Cancer claims approximately 10 million lives worldwide annually. While several therapies have helped improve outcomes in cancer patients, they are also known for affecting healthy cells in these individuals. A treatment that limits or eliminates damage to non-cancerous cells has remained evasive. Offering some hope in this regard, scientists have reported the designing of nanoparticles that communicate only with cancer cells and reduce the pace of their growth.

In a new multi-institutional study, researchers have described new gold nanoparticles that are activated when they encounter cancer cells. They self-assemble and relay messages instructing cancer cells to slow their development. Importantly, the nanoparticles interact only with cancerous cells, thereby, leaving healthy cells unaffected. The findings were published in the journal Advanced Materials.
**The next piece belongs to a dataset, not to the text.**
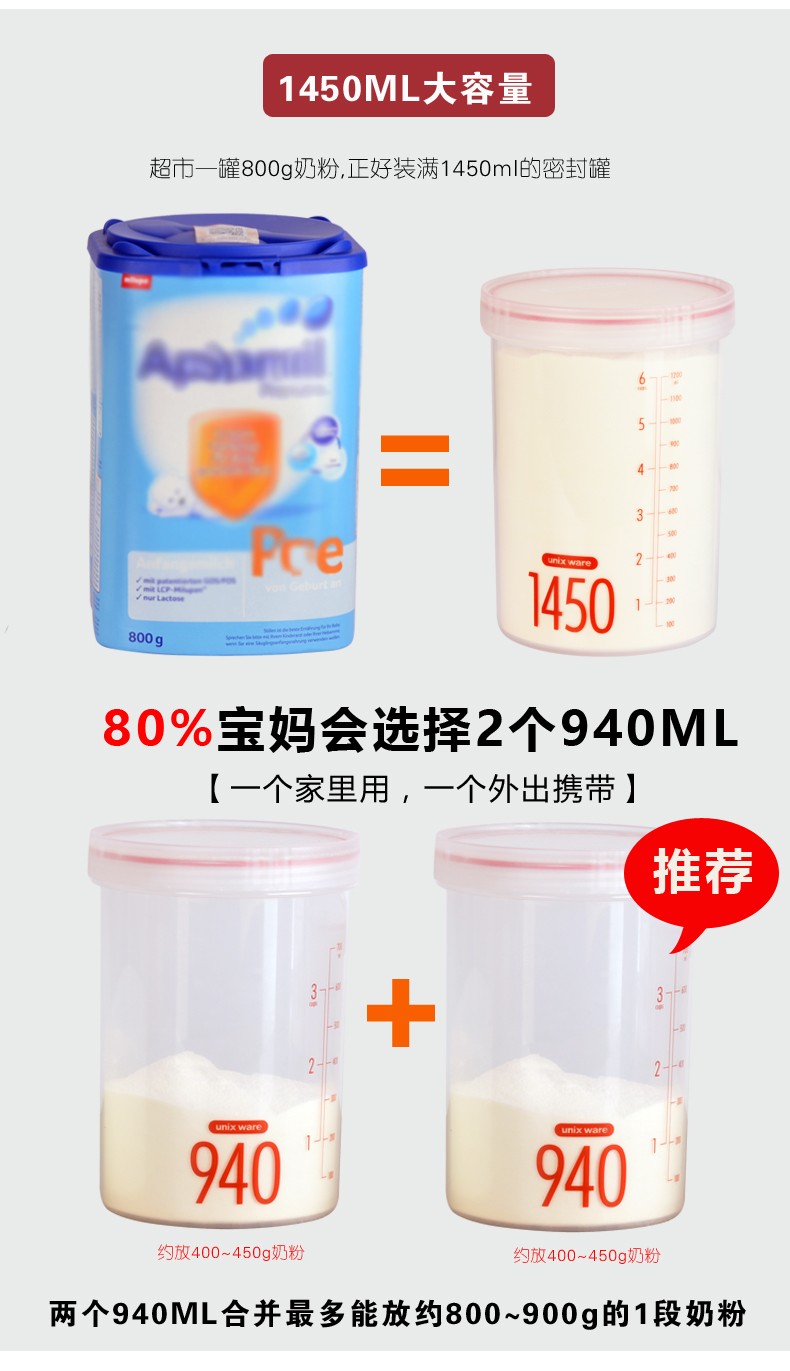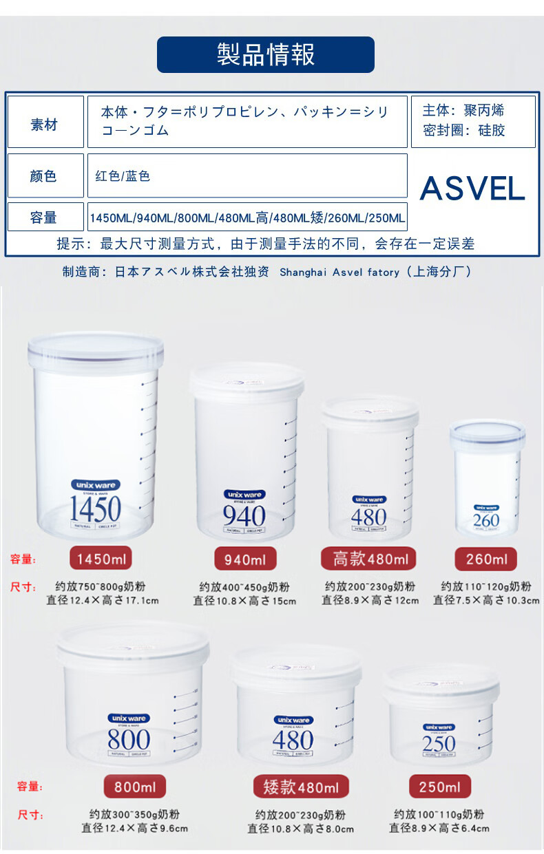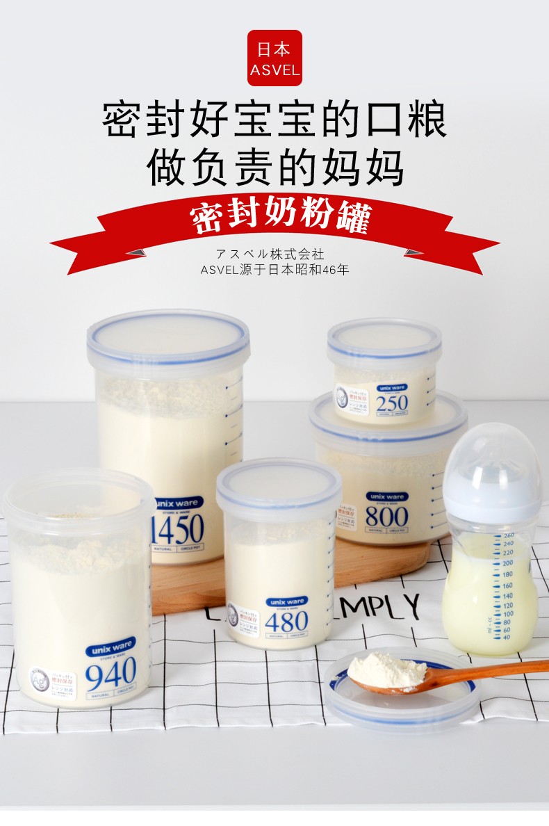 ASVEL household plastic sealed can moisture-proof milk powder can snack food supplement can seasoning can milk powder box portable 800mL (approximately 350g milk powder)

"Cancer cells take up materials from their environment, and they also secrete factors that help them degrade surrounding tissue in order to spread and metastasize. We made particles that respond to both of these characteristics by aggregating into clusters that are actively taken up by cancer cells. Once inside, they appear to be able to reduce the cancer cells' metabolic activity and consequently reduce their growth," said Richard Huang, lead author of the study, in a statement.

A Novel Framework

Cancer Cell
Cancer Cell Division (Representational Picture)Max Pixel

One of the factors that make the advancement of cancer difficult to limit is the secretion of an enzyme, matrix metalloproteinase-9 (MMP-9), in unusually large quantities by cancer cells. This process results in the disintegration of collagen that binds healthy tissue together. Taking the fight to the cancer cells, the authors used this against them to develop a novel framework.

The researchers designed gold nanoparticles that were moderated by a zwitterionic tetrapeptide model. A zwitterionic form of a peptide is where the amino terminus (beginning of the polypeptide) is positively charged and the carboxy terminus (end of the polypeptide) is negatively charged.

Dr. Rein Ulijn, corresponding author of the study, explained what the team aimed to achieve through the research. "We wanted to determine whether it's possible to make use of relatively simple peptide design to create nanoparticles that could produce robust self-assembly in biological media and have an impact on cancer cells," he said.

'Talking' Only With Cancer Cells

Cancer cells
Gold nanoparticle aggregates (red) are observed inside triple negative breast cancer cells after an enzyme-activated assembly and internalization process.Richard Huang and Ye He

The gold nanoparticles, when triggered by MMP-9, commence assembly into large clusters or aggregates within the cancer cell's vicinity. These aggregates are engulfed by the cells, leading to an increase in their size. The larger size leads to physical distress in cancer cells and decreases their capacity to multiply and survive. Most crucially, the interaction of the nanoparticles only with cancer cells ensured that surrounding healthy cells were not affected.

A key highlight of the research was that the team visualized the nanoparticle aggregates within the cancer cells in real-time using confocal reflection microscopy. Dr. Ye he, co-author of the study, illustrated, "This label-free, live imaging technique allowed us to have a closer look at when and where the aggregates were formed, and how the cancer cells respond to the particles at the sub-cellular level."

While the findings are encouraging, the authors admitted that further research is required to ascertain the therapeutic potential of the study's discovery. "While this is early-stage research, the findings provide exciting possibilities for a drug-free therapeutic treatment that could be extremely useful for cancer patients who have developed drug resistance and for extending the lives of people with metastatic cancer," concluded Dr. Ulijn.